There are other players in the electronic publishing field, including such companies as Zinio LLC and LibreDigital Inc. What sets Mygazines apart depends largely on the fact that the Toronto company chose the software-as-a-service model, meaning it runs its software on its own servers and delivers services to its customers via the Internet.

That means there is no client software to download to a personal computer or mobile device before you can read an electronic publication through Mygazines. Whether a reader is using a desktop computer or an iPhone, Mygazines works through the Web browser software. And it detects what sort of device is at the other end and formats material accordingly.

"We serve up a very specific format for each of those devices," Mr. Schwartz says.

That saves customers from developing apps for multiple mobile devices at costs that start at around $10,000 per app, says Randy Frisch, chief marketing officer. It's also easy for publishers to promote their publications by sending out simple Web links - linking to an app is virtually impossible, Mr. Frisch notes.

"I think the mobile version is probably one of the biggest draws for us," says Rhett Soveran, who works at RedPoint Media as Web editor for up!, WestJet's in-flight magazine.

"You can browse the magazine on your iPhone or iPad or whatever," Mr. Soveran says.

Mygazines also offers publishers insight into what readers are looking at. The software can track how long readers look at individual pages and what parts of a publication they zoom in on. That can tell a magazine publisher whether readers are looking at ads, which articles they read and whether they finish the articles or abandon them halfway through. A catalogue publisher could see which items are attracting the most attention.

Mr. Soveran says some of these capabilities set Mygazines apart from its digital publishing competitors, though he adds that some online apps, such as Google's analytic tools, can do more.

Another key to the company's success has been pricing strategy.
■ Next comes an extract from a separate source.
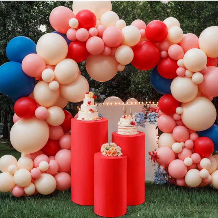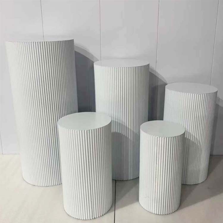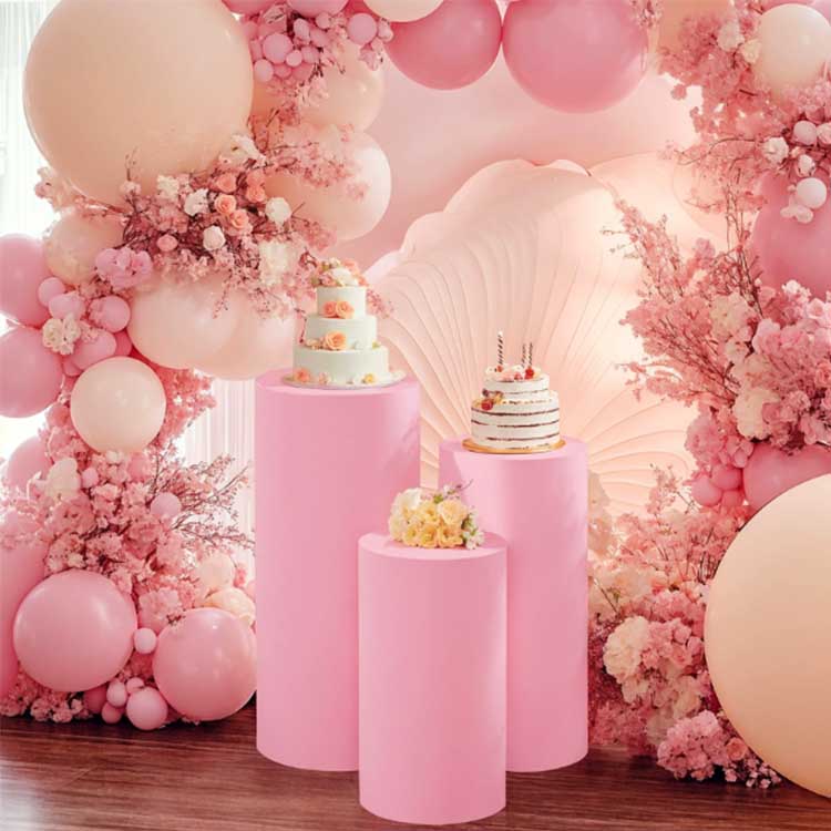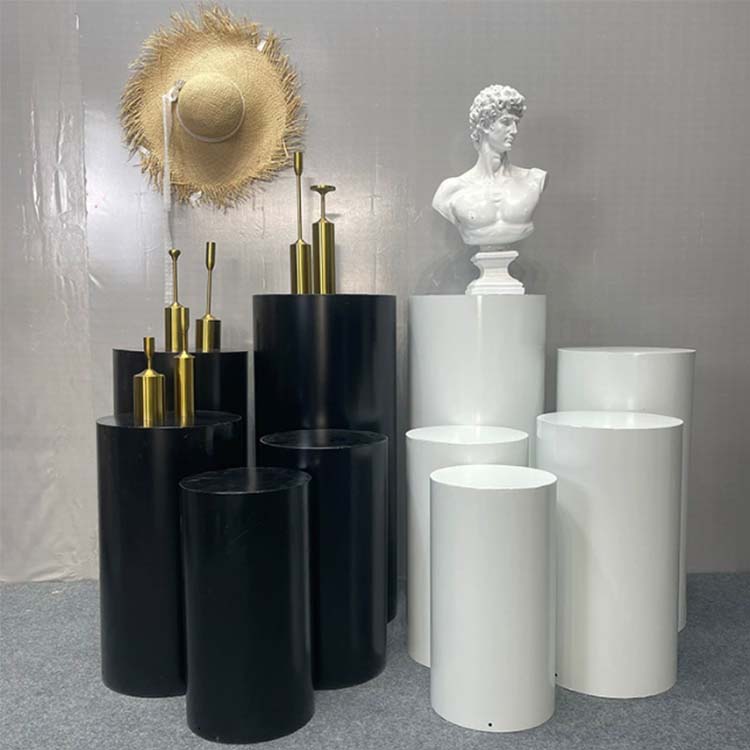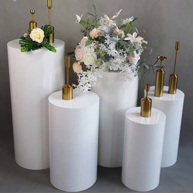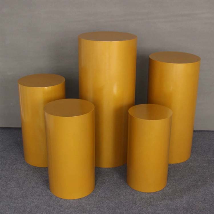 Der Desserttisch ist zylindrisch mit glatten, flachen Oberflächen an den Rändern. Es hat eine große Basis, einen stabilen Schwerpunkt und lässt sich nicht so leicht umkippen. Es ist korrosionsbeständig, oxidationsbeständig, strukturell stabil und verfügt über eine hohe Tragfähigkeit. Es ist in verschiedenen Farben erhältlich, darunter Elfenbeinweiß, Champagnergold und Vintage-Schwarz.

At first, Mr. Frisch says, Mygazines approached pricing the same way most of its competitors did: Customers paid by the page or by the document. There were discounts for larger volumes.
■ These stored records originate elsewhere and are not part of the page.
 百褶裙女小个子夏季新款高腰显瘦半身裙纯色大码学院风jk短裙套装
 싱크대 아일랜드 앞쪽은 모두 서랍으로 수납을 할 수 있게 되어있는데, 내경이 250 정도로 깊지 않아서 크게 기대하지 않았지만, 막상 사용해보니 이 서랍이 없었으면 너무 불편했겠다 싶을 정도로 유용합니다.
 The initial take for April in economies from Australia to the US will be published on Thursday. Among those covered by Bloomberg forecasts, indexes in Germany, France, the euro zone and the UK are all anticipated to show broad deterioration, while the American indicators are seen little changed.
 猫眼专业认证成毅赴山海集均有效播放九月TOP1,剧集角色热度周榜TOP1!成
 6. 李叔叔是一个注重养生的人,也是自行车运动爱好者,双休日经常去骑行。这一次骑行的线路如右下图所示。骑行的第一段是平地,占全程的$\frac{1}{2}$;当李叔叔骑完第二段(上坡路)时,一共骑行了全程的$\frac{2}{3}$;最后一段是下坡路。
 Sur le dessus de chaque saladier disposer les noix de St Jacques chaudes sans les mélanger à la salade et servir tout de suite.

That complicated things, Mr. Frisch says, because prospective clients were trying to get multiple departments together to get higher volumes and hence the best rates.

So Mygazines took a different approach - charging by the month. A basic package for publishers, including five publications and a total of 750,000 page views, is $299 monthly. For corporate clients that produce more documents, a starter package of 50 publications with a million page views costs $1,000.
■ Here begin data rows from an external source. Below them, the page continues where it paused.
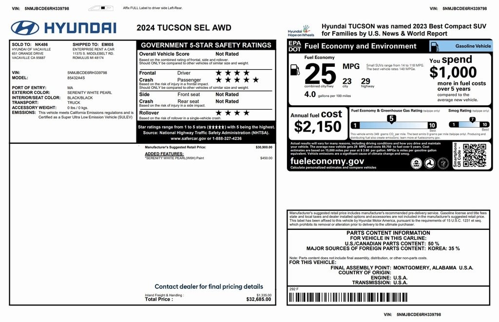 2024 Hyundai Tucson SEL AWD with 63,989 miles 2.5L 4cylinder engine and automatic transmission. Serenity White Pearl exterior and Ebony interior. 17" Alloy Wheels, Proximity Key w/Push Button Start, Smart Cruise Control, Heated Front Seats, Hands Free Smart Power Liftgate, Wireless Phone Charger, Android Auto, Apple Carplay, Hyundai Digital Key, 8" Touchscreen Display. One Owner! Minor On Carfax! Located in Spring, Texas on Interstate I-45 North minutes from The Woodlands, Tomball and Conroe. CALL US CLICK US COME SEE US 832-446-4000.
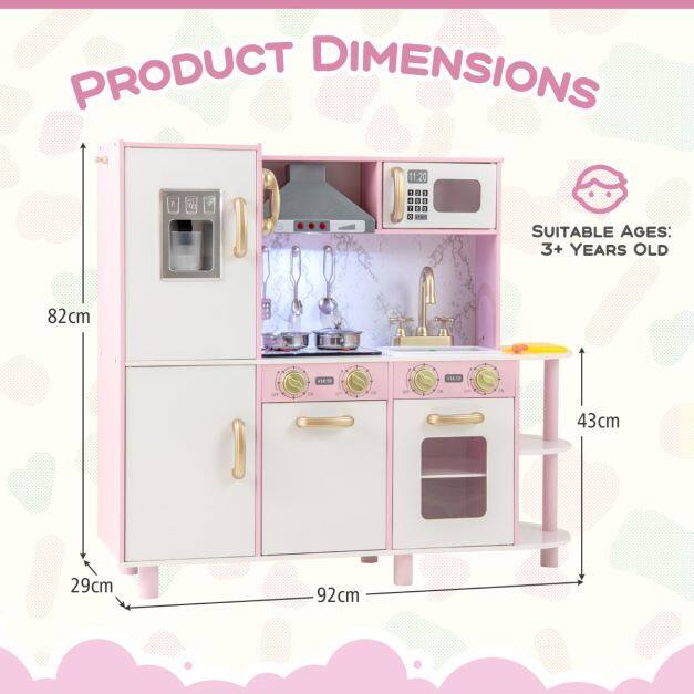 ● Authentic Lights and Sounds: This toy kitchen set features realistic lights and sounds from the range hood and stoves, providing little chefs with an immersive sensory experience during their culinary adventures. Once turned, the knobs will make a "click" sound, adding an extra element of fun.
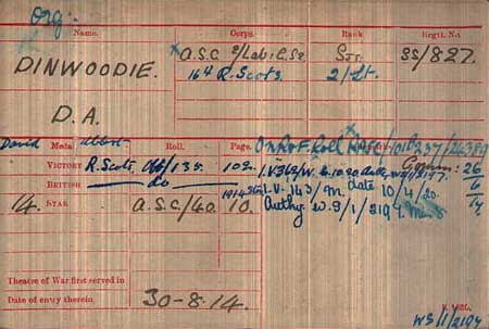 1918 Dec 27. R Scots. The undermentioned temp. 2nd Lts. to be temp. Lts.: — D. A. Dinwoodie.
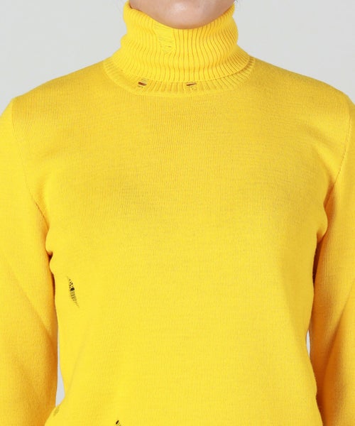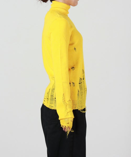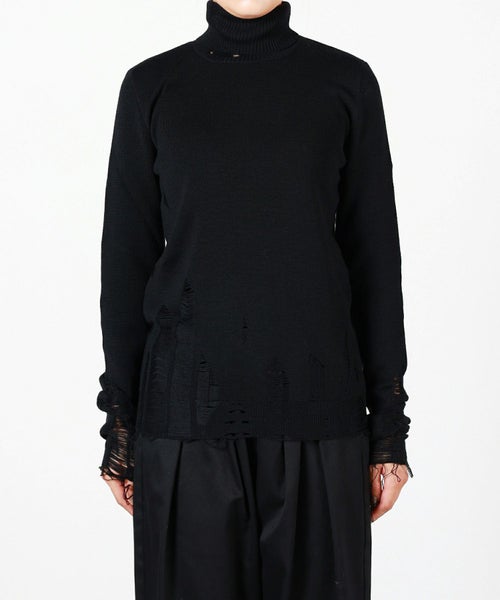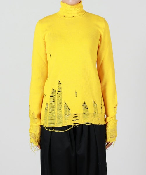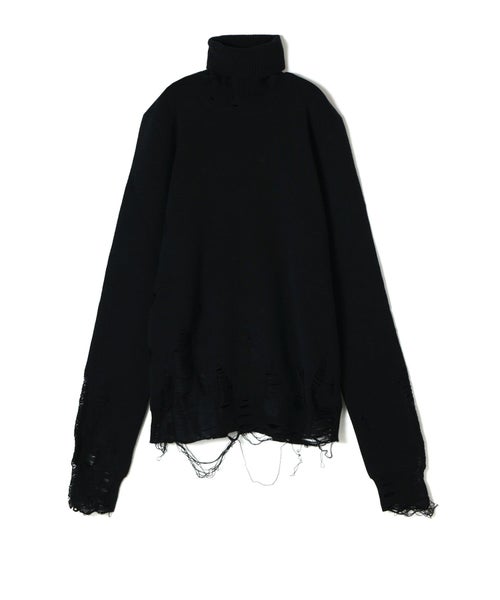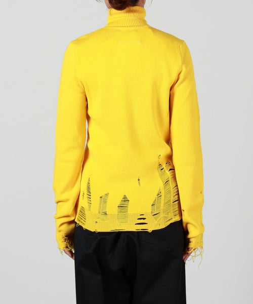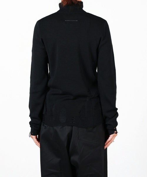 【デザイン】MM6 Maison Margiela(エムエムシックス メゾン マルジェラ)のニット。露出した縫い目、リブ編みのトリム、破れたディテールが特徴で、MM6のニットウェアへのアプローチを反映しています。バックには、控えめながらはっきりとしたブランドのシグネチャー、1本の白いステッチのラインが施されています。

The prices work out to less than Mygazines was charging before, Mr. Frisch says, but the simpler pricing plan accelerates the sales cycle. "The one word that people kept saying was that it was a no-brainer item to look at," he says. Further, this model encourages customers to use the service more.

There have been challenges. "Starting a business in 2008 ... was not an easy task," Mr. Schwartz says. Mygazines started with angel investment from friends and family, then did a first round of seed financing early in 2008 to launch the initial commercial product, with another round of financing early this year.

Explaining digital publishing to people used to traditional printing was tricky, too. Part of the answer lay in hiring "digital-publishing believers," Mr. Schwartz says. Using webinar technology such as Cisco Systems Inc.'s WebEx for visual demonstrations has helped as well. "Once they pay attention for the first 10 minutes," Mr. Frisch says, "that half-hour meeting that they've set aside quite often turns into an hour-and-a-half meeting because they start asking more and more questions."

Today the company has 12 full-time employees and a handful of part-time developers, all in Toronto. More than half its business is in Canada, but Mr. Schwartz says there are also quite a few customers in the United States and the company is doing business as far afield as Australia and New Zealand.